## What is being asked
In the material below, find the line containing "中新社記者 馬秀秀 攝" and the line containing "СохранитьСиликоновый чехол Mcover, на". Output those two lines and all lines between them exactly, without pictures.

## Data for this task
[Start of Attachment]

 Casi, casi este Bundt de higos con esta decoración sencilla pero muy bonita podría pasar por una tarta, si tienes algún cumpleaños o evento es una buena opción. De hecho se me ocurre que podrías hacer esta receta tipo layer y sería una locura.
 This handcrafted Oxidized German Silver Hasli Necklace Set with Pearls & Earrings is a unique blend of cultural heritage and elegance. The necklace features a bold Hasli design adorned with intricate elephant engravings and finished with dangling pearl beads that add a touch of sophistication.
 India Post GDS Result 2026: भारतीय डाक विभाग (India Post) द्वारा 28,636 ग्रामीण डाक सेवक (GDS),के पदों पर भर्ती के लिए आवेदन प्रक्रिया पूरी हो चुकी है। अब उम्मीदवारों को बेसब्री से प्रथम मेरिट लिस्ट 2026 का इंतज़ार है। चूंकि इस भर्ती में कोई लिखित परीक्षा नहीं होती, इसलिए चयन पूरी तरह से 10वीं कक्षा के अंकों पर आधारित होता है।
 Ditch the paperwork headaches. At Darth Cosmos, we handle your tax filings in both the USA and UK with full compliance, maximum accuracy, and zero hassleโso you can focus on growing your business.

[End of Attachment]
[Start of Attachment]

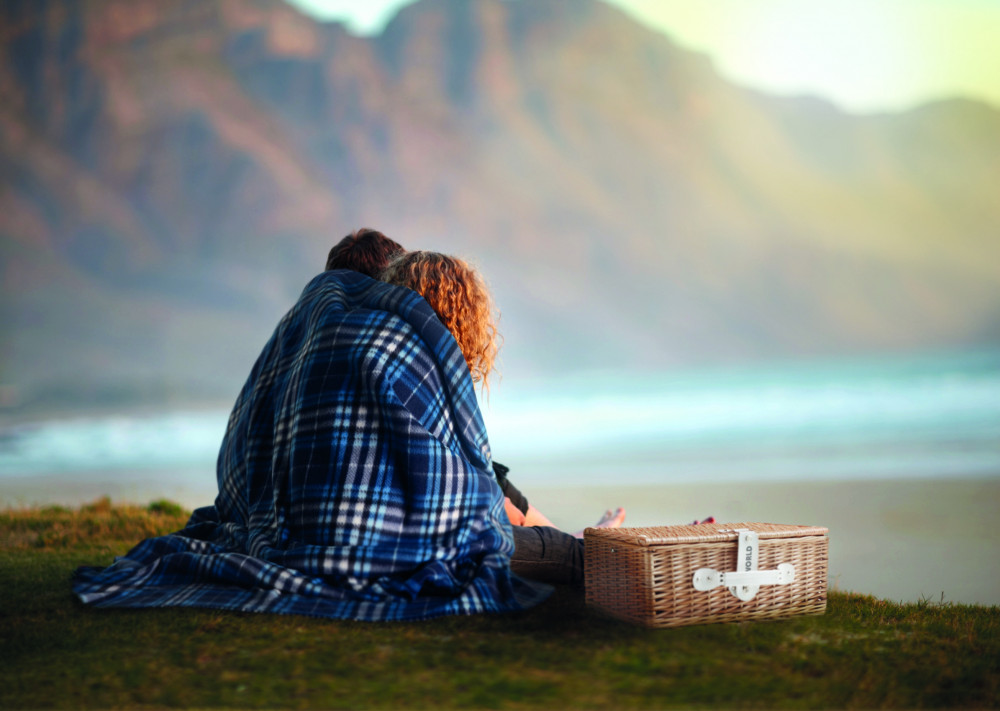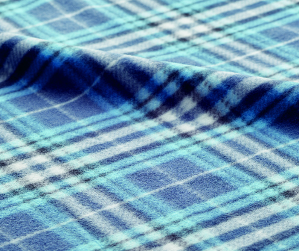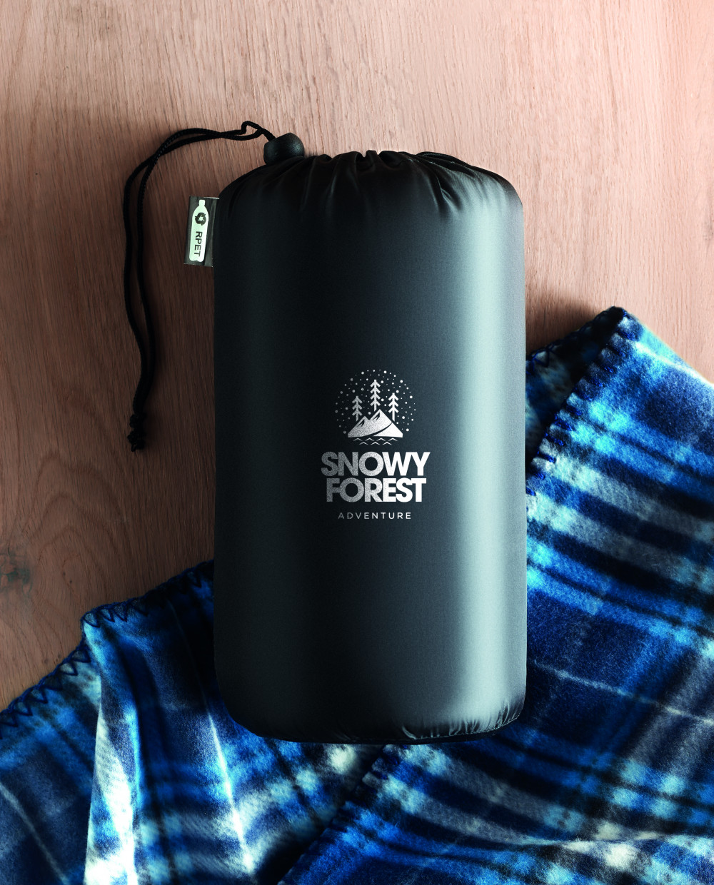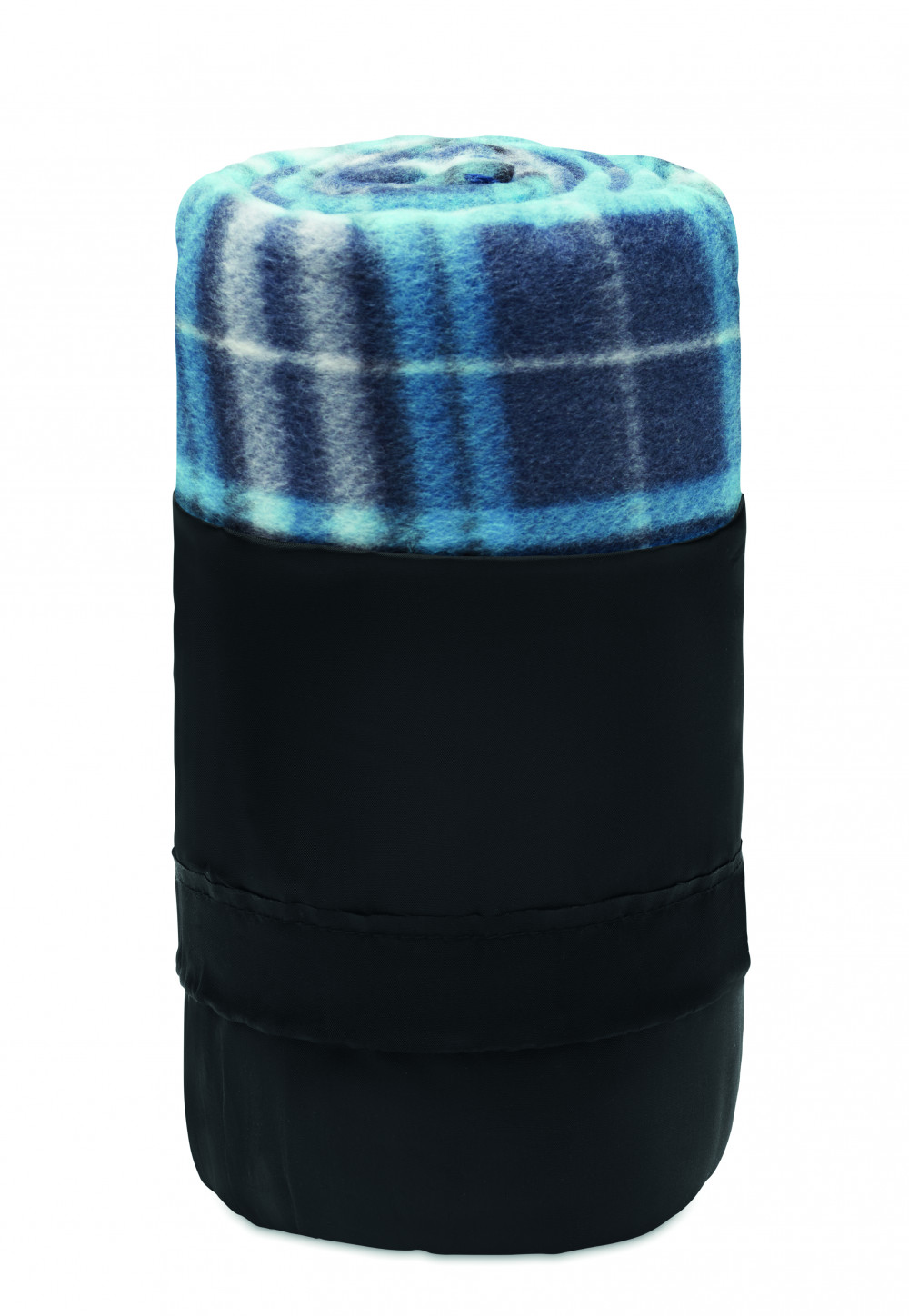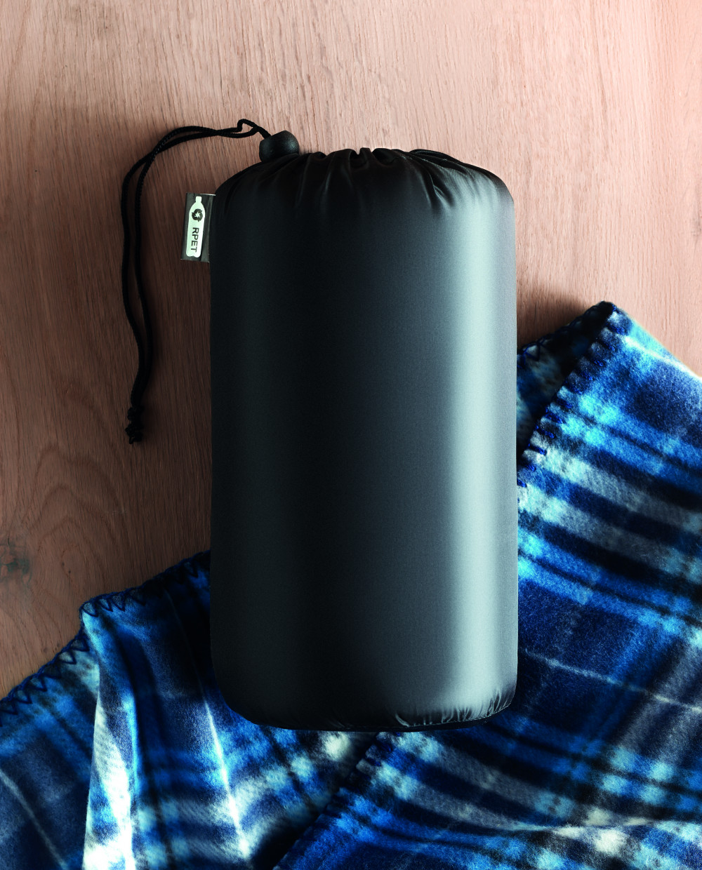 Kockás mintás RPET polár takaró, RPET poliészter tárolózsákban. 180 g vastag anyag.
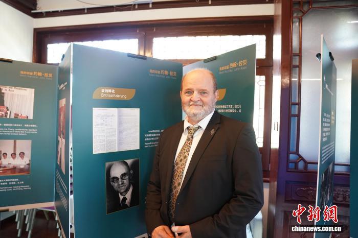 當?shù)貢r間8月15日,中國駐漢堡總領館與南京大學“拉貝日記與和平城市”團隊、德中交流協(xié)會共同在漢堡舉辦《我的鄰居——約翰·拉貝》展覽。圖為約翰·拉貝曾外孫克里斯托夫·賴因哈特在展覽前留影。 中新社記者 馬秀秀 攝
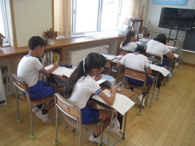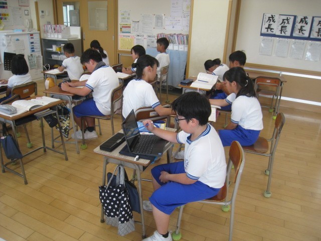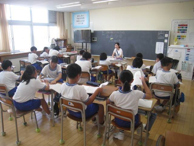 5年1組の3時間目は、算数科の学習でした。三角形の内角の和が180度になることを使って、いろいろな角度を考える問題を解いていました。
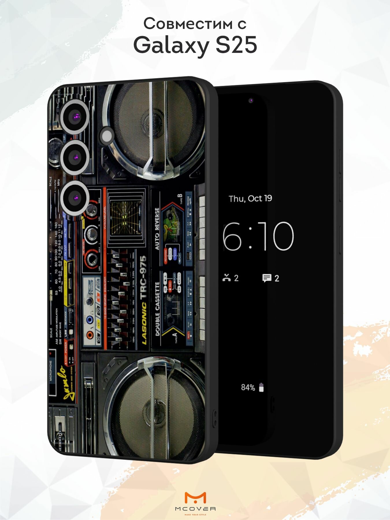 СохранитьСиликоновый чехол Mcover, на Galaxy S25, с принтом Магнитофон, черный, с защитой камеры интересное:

[End of Attachment]

## Response to this exercise
 當?shù)貢r間8月15日,中國駐漢堡總領館與南京大學“拉貝日記與和平城市”團隊、德中交流協(xié)會共同在漢堡舉辦《我的鄰居——約翰·拉貝》展覽。圖為約翰·拉貝曾外孫克里斯托夫·賴因哈特在展覽前留影。 中新社記者 馬秀秀 攝
 5年1組の3時間目は、算数科の学習でした。三角形の内角の和が180度になることを使って、いろいろな角度を考える問題を解いていました。
 СохранитьСиликоновый чехол Mcover, на Galaxy S25, с принтом Магнитофон, черный, с защитой камеры интересное:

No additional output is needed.